AIM OF THE TASK. Every line from the top of the material through the line holding "Попав на эту" should be copied exactly, and only those lines.

MATERIAL TO PROCESS.
****

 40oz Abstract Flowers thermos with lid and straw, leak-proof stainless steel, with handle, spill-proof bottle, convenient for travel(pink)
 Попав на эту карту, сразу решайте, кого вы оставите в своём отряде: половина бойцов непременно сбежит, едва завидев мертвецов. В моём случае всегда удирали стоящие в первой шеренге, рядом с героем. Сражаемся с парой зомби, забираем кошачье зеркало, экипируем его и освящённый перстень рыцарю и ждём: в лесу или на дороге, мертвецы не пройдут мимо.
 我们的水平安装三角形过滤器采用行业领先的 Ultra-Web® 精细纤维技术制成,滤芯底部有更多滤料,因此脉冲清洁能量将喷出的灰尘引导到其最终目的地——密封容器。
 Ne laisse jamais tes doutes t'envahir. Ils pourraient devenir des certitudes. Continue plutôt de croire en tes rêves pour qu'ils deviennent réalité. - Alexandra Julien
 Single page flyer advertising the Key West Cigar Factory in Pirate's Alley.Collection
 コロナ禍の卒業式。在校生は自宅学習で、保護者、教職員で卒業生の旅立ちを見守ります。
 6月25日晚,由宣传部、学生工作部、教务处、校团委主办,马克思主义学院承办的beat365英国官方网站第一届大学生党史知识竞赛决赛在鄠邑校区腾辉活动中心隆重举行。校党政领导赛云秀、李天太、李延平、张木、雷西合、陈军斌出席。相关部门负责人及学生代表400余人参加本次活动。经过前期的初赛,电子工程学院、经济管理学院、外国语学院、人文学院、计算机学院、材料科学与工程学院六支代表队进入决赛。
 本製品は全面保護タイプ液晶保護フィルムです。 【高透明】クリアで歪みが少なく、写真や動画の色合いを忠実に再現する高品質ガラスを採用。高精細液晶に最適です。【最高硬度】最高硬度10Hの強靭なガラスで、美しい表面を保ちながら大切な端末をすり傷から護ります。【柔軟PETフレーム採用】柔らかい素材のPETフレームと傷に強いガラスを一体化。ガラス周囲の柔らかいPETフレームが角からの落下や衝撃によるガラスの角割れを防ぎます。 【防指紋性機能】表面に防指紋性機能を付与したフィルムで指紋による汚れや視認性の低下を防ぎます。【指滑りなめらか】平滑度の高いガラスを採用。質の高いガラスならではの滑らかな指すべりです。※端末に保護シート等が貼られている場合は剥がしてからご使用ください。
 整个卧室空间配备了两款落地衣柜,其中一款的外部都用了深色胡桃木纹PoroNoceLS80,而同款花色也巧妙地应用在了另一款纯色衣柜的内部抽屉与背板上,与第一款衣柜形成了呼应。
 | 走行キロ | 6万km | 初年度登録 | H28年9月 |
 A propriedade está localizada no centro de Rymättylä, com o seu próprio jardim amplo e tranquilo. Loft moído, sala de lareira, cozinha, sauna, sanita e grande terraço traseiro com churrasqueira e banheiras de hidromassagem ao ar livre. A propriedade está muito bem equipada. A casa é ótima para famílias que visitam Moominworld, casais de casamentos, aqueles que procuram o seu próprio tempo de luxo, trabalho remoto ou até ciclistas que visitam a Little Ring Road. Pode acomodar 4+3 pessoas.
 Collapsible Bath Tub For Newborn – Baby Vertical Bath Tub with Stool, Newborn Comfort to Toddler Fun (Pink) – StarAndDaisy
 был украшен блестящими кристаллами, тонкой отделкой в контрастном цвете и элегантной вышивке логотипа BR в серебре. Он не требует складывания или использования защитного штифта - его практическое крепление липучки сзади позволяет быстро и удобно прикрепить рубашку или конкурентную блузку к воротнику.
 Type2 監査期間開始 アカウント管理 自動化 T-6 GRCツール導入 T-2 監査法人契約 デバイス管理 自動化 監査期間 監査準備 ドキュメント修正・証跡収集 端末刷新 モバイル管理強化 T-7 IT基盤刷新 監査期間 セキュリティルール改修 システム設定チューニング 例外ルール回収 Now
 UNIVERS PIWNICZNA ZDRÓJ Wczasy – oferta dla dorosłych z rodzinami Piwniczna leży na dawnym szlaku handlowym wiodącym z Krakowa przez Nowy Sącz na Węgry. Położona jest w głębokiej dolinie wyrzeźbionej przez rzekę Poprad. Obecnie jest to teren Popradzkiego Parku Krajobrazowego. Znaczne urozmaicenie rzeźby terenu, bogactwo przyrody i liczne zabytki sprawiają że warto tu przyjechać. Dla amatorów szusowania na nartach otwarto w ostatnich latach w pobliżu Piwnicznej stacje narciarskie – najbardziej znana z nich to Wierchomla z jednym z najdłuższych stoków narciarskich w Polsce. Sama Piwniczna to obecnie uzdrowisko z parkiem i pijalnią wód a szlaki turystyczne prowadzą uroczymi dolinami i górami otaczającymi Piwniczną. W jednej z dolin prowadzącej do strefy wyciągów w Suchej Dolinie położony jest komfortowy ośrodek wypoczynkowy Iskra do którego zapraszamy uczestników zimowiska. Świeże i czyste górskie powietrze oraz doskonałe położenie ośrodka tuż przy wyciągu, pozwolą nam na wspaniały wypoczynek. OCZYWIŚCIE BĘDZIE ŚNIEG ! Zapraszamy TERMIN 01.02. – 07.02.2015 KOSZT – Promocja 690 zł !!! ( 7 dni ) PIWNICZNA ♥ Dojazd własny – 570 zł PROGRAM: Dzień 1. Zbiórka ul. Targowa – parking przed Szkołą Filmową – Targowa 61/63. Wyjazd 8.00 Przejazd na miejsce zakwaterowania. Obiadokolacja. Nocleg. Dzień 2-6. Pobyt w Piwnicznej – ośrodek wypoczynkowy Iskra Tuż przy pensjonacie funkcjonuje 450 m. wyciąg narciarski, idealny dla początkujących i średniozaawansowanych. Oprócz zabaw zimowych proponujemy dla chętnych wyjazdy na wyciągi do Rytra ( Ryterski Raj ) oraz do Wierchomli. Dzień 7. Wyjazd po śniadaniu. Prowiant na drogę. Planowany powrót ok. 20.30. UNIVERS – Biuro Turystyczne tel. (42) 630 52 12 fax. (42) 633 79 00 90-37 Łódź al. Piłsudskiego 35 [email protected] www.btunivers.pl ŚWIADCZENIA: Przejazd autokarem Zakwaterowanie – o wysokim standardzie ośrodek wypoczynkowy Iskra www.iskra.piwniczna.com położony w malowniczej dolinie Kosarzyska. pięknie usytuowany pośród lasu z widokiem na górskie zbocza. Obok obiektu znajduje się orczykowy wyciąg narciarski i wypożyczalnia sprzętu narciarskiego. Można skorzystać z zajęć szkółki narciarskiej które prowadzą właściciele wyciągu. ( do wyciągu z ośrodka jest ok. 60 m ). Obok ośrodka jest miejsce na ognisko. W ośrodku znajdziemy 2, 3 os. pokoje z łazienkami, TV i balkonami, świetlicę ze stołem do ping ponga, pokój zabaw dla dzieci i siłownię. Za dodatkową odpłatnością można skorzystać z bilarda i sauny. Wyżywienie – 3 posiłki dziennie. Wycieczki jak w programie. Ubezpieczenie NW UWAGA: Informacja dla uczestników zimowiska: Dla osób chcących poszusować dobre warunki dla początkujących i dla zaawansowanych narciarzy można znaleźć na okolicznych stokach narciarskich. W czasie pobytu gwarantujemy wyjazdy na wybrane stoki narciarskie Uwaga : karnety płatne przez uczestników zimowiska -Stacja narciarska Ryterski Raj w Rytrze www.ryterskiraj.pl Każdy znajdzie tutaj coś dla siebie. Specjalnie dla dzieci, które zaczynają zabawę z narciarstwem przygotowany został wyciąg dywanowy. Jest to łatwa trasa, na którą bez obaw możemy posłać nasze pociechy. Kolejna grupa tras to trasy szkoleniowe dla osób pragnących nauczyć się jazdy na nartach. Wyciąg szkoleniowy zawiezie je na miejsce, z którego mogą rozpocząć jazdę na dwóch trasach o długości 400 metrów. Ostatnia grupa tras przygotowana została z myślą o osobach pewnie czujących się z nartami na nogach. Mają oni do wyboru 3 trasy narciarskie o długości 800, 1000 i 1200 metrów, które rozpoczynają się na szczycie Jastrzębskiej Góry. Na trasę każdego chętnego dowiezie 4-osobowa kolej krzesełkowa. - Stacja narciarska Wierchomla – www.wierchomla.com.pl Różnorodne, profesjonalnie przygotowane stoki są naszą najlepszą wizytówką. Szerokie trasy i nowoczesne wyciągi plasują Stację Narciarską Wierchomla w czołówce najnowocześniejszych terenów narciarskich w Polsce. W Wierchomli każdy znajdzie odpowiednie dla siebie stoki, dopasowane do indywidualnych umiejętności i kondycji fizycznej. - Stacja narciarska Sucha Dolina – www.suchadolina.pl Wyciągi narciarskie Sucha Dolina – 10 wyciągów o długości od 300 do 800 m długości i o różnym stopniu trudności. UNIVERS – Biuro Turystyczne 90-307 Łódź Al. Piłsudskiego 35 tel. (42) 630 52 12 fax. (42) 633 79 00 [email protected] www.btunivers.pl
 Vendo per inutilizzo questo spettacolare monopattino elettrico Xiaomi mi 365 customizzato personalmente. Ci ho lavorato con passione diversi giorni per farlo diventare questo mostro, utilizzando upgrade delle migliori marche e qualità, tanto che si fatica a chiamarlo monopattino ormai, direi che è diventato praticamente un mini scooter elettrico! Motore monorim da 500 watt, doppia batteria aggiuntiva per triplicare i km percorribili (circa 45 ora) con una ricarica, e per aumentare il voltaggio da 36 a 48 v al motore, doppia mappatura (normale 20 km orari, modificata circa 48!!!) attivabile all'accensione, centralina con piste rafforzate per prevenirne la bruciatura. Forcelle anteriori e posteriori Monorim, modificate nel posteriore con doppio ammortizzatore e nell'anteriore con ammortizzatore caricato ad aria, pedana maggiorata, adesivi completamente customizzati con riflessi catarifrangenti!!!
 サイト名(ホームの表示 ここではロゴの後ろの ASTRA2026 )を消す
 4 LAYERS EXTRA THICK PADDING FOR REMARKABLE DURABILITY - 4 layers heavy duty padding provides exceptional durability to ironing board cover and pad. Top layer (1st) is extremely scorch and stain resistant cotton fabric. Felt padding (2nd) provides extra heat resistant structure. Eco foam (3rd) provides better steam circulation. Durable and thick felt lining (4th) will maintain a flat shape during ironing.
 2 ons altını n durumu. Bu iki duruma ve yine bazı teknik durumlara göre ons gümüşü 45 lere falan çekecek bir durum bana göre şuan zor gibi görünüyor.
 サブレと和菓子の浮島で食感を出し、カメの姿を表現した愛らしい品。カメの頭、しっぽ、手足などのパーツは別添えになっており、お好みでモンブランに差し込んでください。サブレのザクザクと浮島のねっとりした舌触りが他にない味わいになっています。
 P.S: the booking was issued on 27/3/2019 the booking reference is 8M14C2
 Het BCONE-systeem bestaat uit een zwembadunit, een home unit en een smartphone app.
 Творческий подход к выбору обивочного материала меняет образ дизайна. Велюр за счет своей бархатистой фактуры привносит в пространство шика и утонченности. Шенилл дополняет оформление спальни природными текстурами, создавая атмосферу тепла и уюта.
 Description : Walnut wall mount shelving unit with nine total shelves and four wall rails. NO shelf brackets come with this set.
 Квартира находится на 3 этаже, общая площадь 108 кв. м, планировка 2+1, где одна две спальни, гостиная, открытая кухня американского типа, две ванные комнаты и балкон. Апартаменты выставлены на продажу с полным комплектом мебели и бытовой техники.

****

TASK RESPONSE.
 40oz Abstract Flowers thermos with lid and straw, leak-proof stainless steel, with handle, spill-proof bottle, convenient for travel(pink)
 Попав на эту карту, сразу решайте, кого вы оставите в своём отряде: половина бойцов непременно сбежит, едва завидев мертвецов. В моём случае всегда удирали стоящие в первой шеренге, рядом с героем. Сражаемся с парой зомби, забираем кошачье зеркало, экипируем его и освящённый перстень рыцарю и ждём: в лесу или на дороге, мертвецы не пройдут мимо.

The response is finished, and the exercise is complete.